About this task: Here the job is to print only the lines from the one containing "Lifelong Learning Unit" to the end of the entries, both included, exactly as they stand, with pictures excluded.

Data:
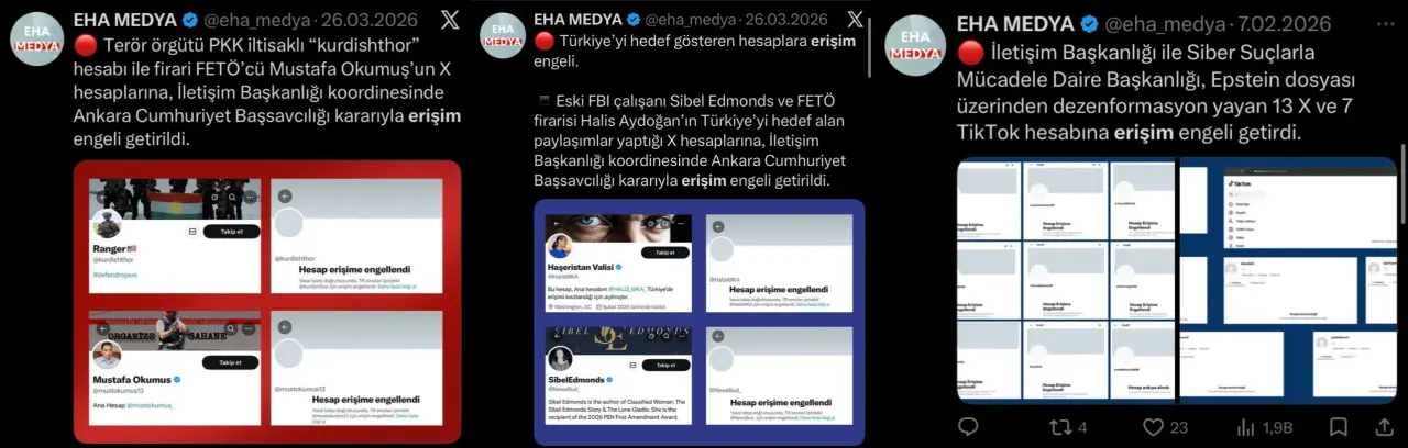 Hedef gösteren, algı yaratan hesaplara erişim engeli (Mart 2026): 3 Mart tarihinde İletişim Başkanlığı ve Ankara Cumhuriyet Başsavcılığının kararıyla Eski FBI çalışanı Sibel Edmonds ve FETÖ firarisi Halis Aydoğan’ın Türkiye’yi hedef alan paylaşımlar yaptığı X hesaplarına erişim engeli getirilmişti.
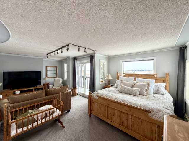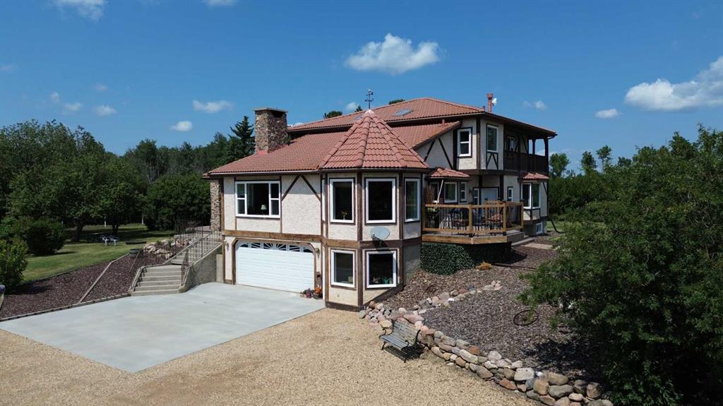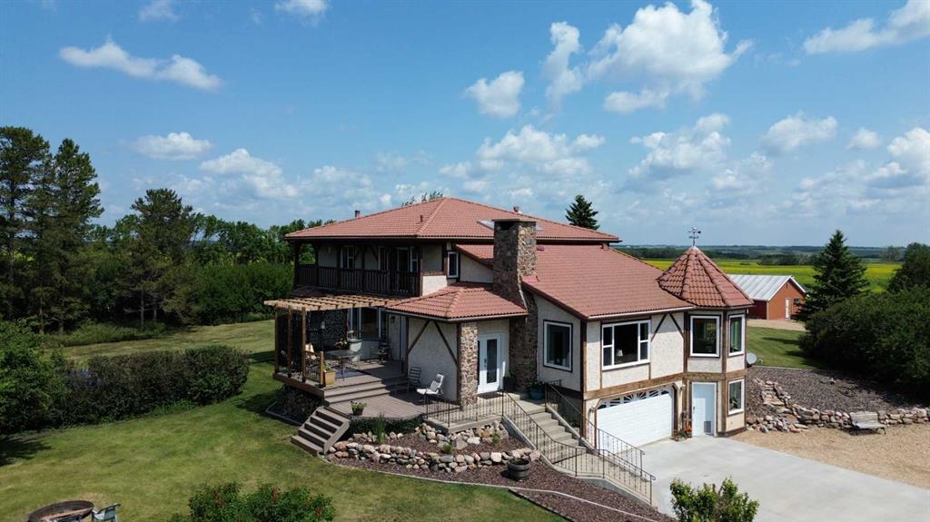 The House is Amazing, but you Will Love the ACREAGE! With roughly 5000 sq ft of living space, this 5 bedroom, 5 bath home has ample room to ENTERTAIN and RELAX. The main floor boasts a ROCK FACE fireplace in the Family room that is open to the Dining Room. The Dining Room is an Octagon shape with windows on 3 sides, and a door that opens to your East facing deck. Large Kitchen with double ovens, island, QUARTZ COUNTERTOPS, loads of cupboards, and features a WALK IN PANTRY with a SINK. Also on main floor is your LARGE BRIGHT LIVING ROOM, and two bedrooms. The PRIMARY BEDROOM is MASSIVE with room for your private office if you wish. Primary Bedroom features a BAY WINDOW overlooking the East country side and views of the COULEE. Behind one of the mirror closet doors you walk into a Large ENSUITE WITH A SOAKER TUB and a WALK IN CLOSET. How cool is that! Upstairs you have 3 large bedrooms, another Family/Office room and a nice sized 4 pce bath. On West and East side of 2nd floor you have a deck. Now to go downstairs, you have your entertaining area. A WET BAR, GAMES ROOM with a TV area, a 4 man SAUNA, another 3 pce bath, BONUS room, plus your laundry. Basement, and both the attached and detached garage have infloor heating. Walk out the basement door into your DOUBLE ATTACHED HEATED garage. In the garage you will see another mystery door that leads you to a Cold Room. House has ample amounts of storage with all large closets, and closets in the hallways. The West facing deck overlooks your PRIVATE yard and FIREPIT area. There are a couple Gorgeous apple trees that produce lots of apples. Look beyond the apple trees and through the gate you have a trail going through the trees. Also outside you have a garden area, a 12'x12' garden shed, a 28'x36' barn with cement floors that is currently used for storage, a 25'x40' steel Quonset, and a 44'x30' heated detached 4 car garage. The 9.37 acres is only 400 yards off of Highway 56, and hwy 56 was recently repaved last year. Located just over 20 minutes to Camrose and Stettler, and under 20 minutes to Bashaw. It is Centrally located and surrounded by beautiful countryside.
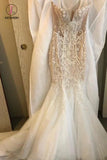 Gorgeous Strapless Tulle Mermaid Wedding Dresses, Long Bridal Dress with Appliques KPW0383
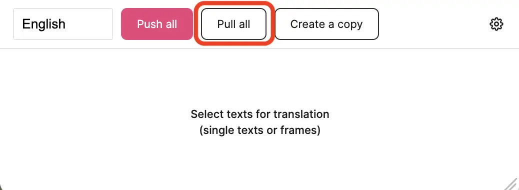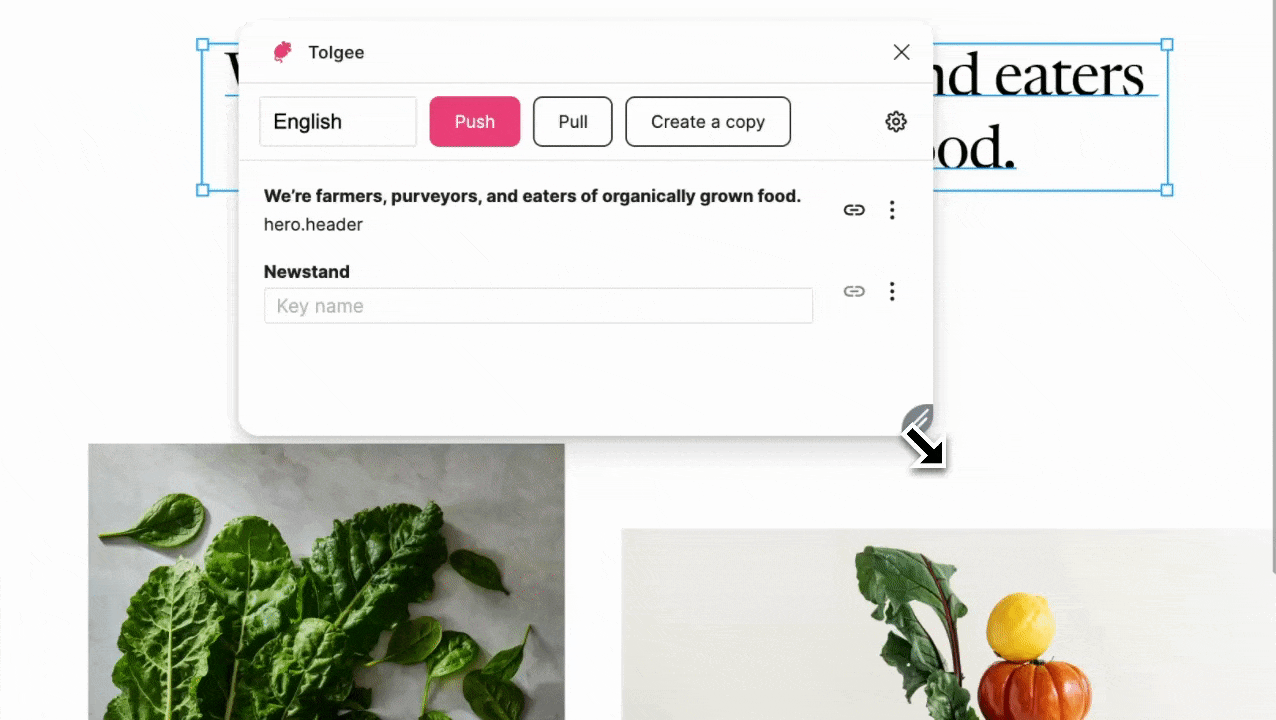 If you are working on a Figma file that already has the keys added on Tolgee, you can select the whole frame or just the text string and click “Pull” in the Tolgee plugin window to update them.
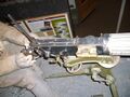 The Vickers is a fully automatic belt-fed firearm which is fired from a closed-bolt. When ready to fire, a round is in the chamber and the breechblock assembly and working parts are forward. It has a recoil operated, floating action with a toggle lock similar to a Luger pistol. However, unlike the Luger, the mechanism is totally contained within the receiver or body of the Vickers. When operated, the floating action, which consists of the barrel, breechblock assembly and toggle mechanism, reciprocate as a unit within the body of the gun. The mechanism is held together by recoiling plates, that connect the breech end of the barrel to the rear of the toggle mechanism. The breech is locked closed when the toggle is straight. The crank cocking handle is part of the floating action. It acts through the rear pivot of the toggle lock. Pulling the cocking handle causes the toggle to rise. This unlocks the breech and then draws the breechblock assembly rearward. While firing, the opposite end of the crank handle cams on a round lug fixed to the body. Rearward movement of the floating action tips the cocking handle and unlocks the toggle. The recoil that unlocks the toggle is gas assisted. Propellent gases leaving the muzzle are partly contained within the muzzle cap and act on the muzzle cup (attached to the barrel) to assist in propelling the floating action rearward to the point where the toggle mechanism is unlocked. The breechblock assembly then opens fully while opposed by a spring which ultimately returns it to the closed position. The spring under tension acts on a crank mounted on the opposite side of the body to the cocking handle.[45][46][47]
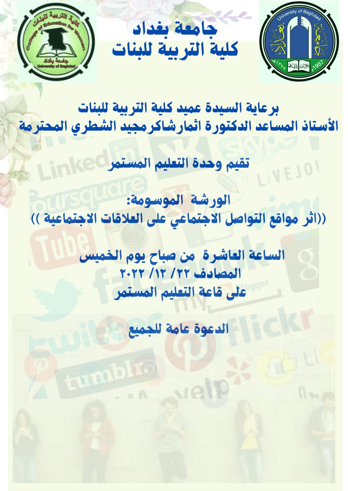 Lifelong Learning Unit organized a workshop about the Effects of Social Media on Relationships, at Lifelong Learning Hall, on Thursday, December 22. Lect. Sahar Rassul and Lect. Zenah Dawood elaborated on the negative and positive effects of social media on relationships. The workshop aimed at educating family members about the powerful influence of social media on the lives of its members. Lect. Sahar Rassul and Lect. Zenah Dawood highlighted the negative impacts of social media, and the importance of spending leisure time developing one’s talents and practicing sport.
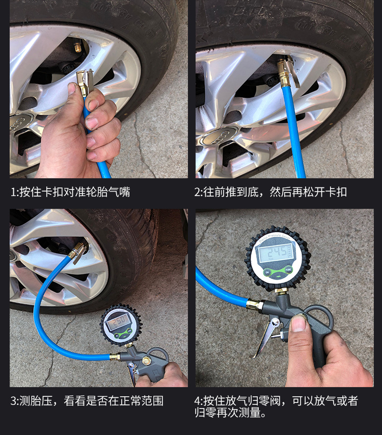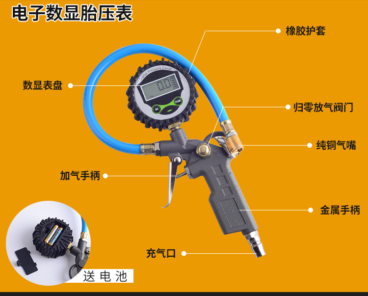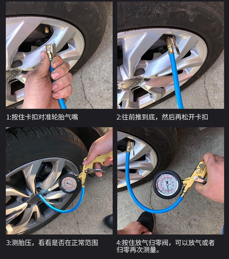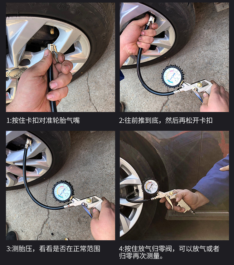 高精度 胎压表 汽车用胎压计轮胎气压表测胎压监测器打气表枪带充
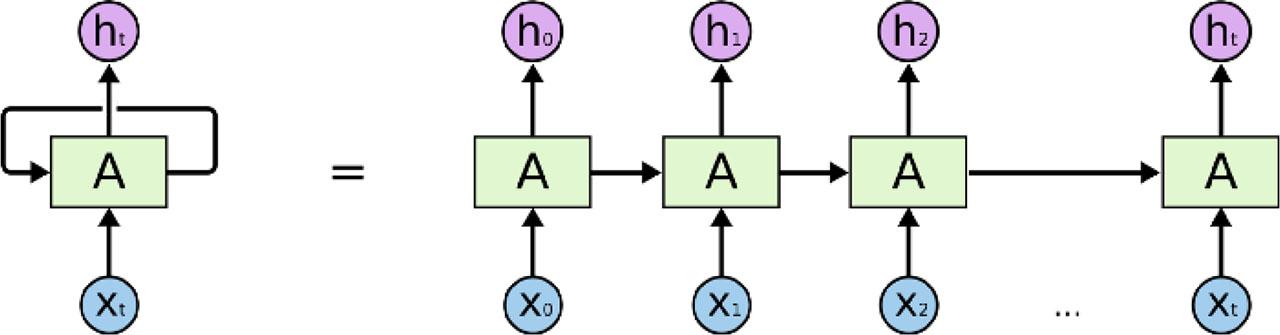 The study is divided into three stages. The first stage involves forecasting open-end investment fund returns using a recurrent neural network (RNN). RNNs are designed to model and predict sequential data by introducing state variables to store past information and the current inputs to determine the current outputs. A simple RNN has a feedback loop, as shown in Figure 1. The block labelled “A” represents a simple feed-forward neural network. The feedback loop on the left-hand side of the equality sign can be unrolled into time steps to produce the second network below. The input X0 is fed into the network to produce h0. In the next step, the input is X1 with an additional input from the previous step through block A, and so on. This allows the neural network to consider both the current input and the context of previous inputs.

Answer to this exercise:
 Lifelong Learning Unit organized a workshop about the Effects of Social Media on Relationships, at Lifelong Learning Hall, on Thursday, December 22. Lect. Sahar Rassul and Lect. Zenah Dawood elaborated on the negative and positive effects of social media on relationships. The workshop aimed at educating family members about the powerful influence of social media on the lives of its members. Lect. Sahar Rassul and Lect. Zenah Dawood highlighted the negative impacts of social media, and the importance of spending leisure time developing one’s talents and practicing sport.
 高精度 胎压表 汽车用胎压计轮胎气压表测胎压监测器打气表枪带充
 The study is divided into three stages. The first stage involves forecasting open-end investment fund returns using a recurrent neural network (RNN). RNNs are designed to model and predict sequential data by introducing state variables to store past information and the current inputs to determine the current outputs. A simple RNN has a feedback loop, as shown in Figure 1. The block labelled “A” represents a simple feed-forward neural network. The feedback loop on the left-hand side of the equality sign can be unrolled into time steps to produce the second network below. The input X0 is fed into the network to produce h0. In the next step, the input is X1 with an additional input from the previous step through block A, and so on. This allows the neural network to consider both the current input and the context of previous inputs.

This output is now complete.